What the task asks:
Give back each line of the data exactly as it reads, minus the pictures.

Supplied material:
-------------------------

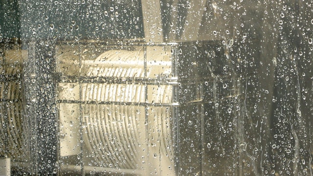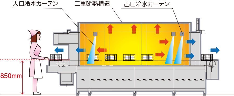 二重断熱構造(本体や扉)と入口と出口の冷水カーテンで、熱や湯気を閉じ込めます
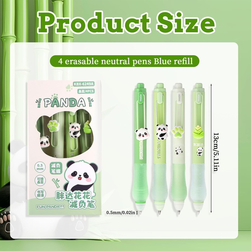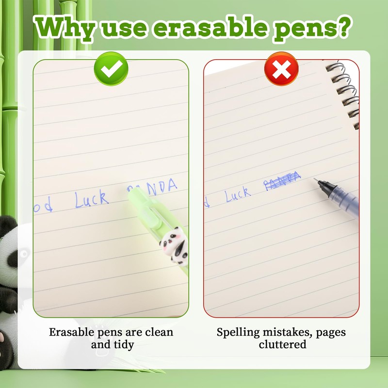 - 【Packaging Includes】Erasable gel pen set contains 4 pens Each pen features a cute panda-shaped eraser, allowing you to correct mistakes anytime, anywhere. These cute erasable pens are perfect for kids and adults alike, adding fun and functionality to your writing tasks.
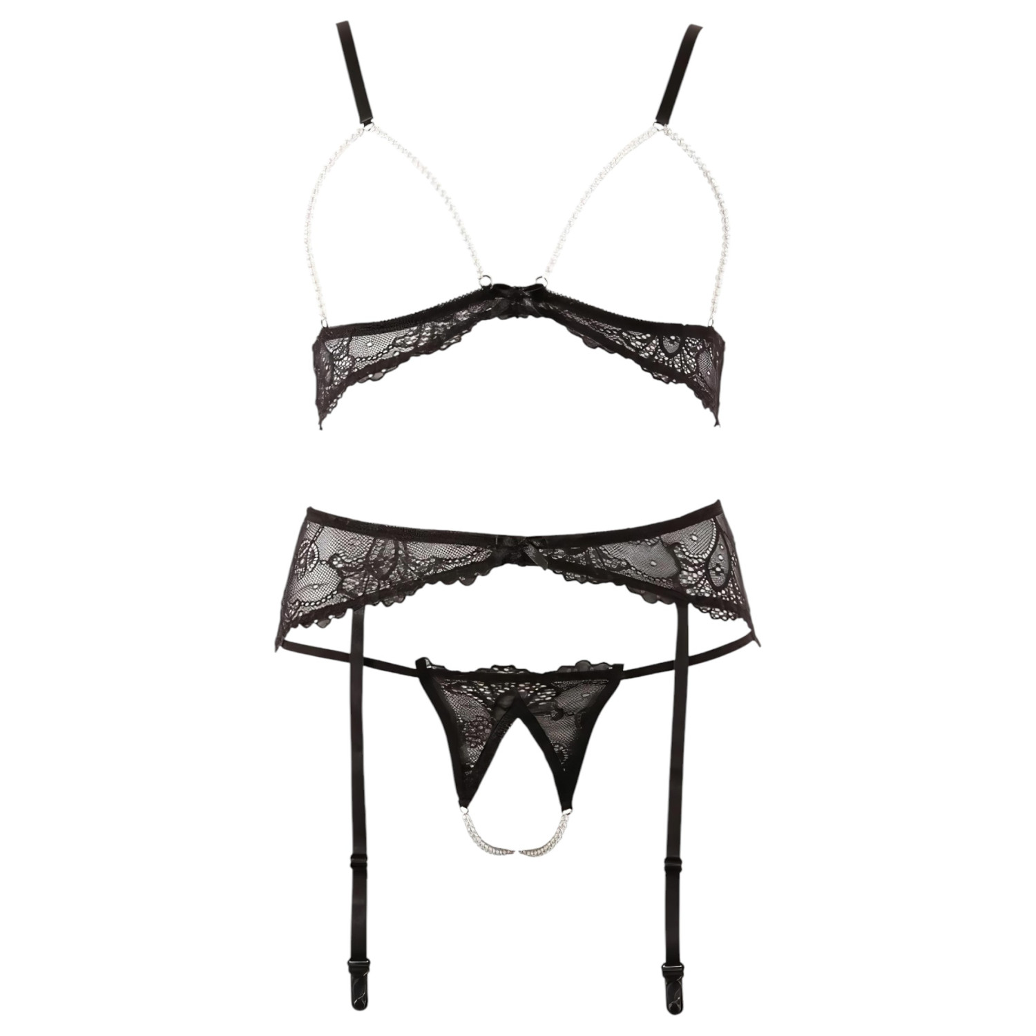 Комбинацията от секси дантела и перлени детайли е едновременно елегантна и предизвикателна. Регулируемите презрамки на сутиена и жартиерите гарантират, че ще пасне перфектно на тялото ви, докато отвореното танга гарантира максимална съблазън. Този комплект не е просто бельо - това е чувствено преживяване, което подчертава женствеността ви и повишава самочувствието ви.
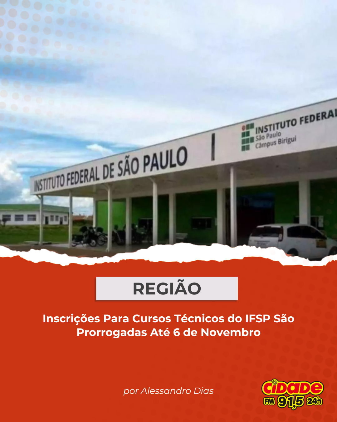 Birigui, SP- O Instituto Federal de São Paulo (IFSP) prorrogou até o dia 6 de novembro o prazo de inscrições para o processo seletivo dos cursos técnicos e integrados ao Ensino Médio com início em 2026. No campus de Birigui, são oferecidas 160 vagas totalmente gratuitas, divididas entre as modalidades Integrado e Concomitante/Subsequente.

-------------------------

Exercise result:
 二重断熱構造(本体や扉)と入口と出口の冷水カーテンで、熱や湯気を閉じ込めます
 - 【Packaging Includes】Erasable gel pen set contains 4 pens Each pen features a cute panda-shaped eraser, allowing you to correct mistakes anytime, anywhere. These cute erasable pens are perfect for kids and adults alike, adding fun and functionality to your writing tasks.
 Комбинацията от секси дантела и перлени детайли е едновременно елегантна и предизвикателна. Регулируемите презрамки на сутиена и жартиерите гарантират, че ще пасне перфектно на тялото ви, докато отвореното танга гарантира максимална съблазън. Този комплект не е просто бельо - това е чувствено преживяване, което подчертава женствеността ви и повишава самочувствието ви.
 Birigui, SP- O Instituto Federal de São Paulo (IFSP) prorrogou até o dia 6 de novembro o prazo de inscrições para o processo seletivo dos cursos técnicos e integrados ao Ensino Médio com início em 2026. No campus de Birigui, são oferecidas 160 vagas totalmente gratuitas, divididas entre as modalidades Integrado e Concomitante/Subsequente.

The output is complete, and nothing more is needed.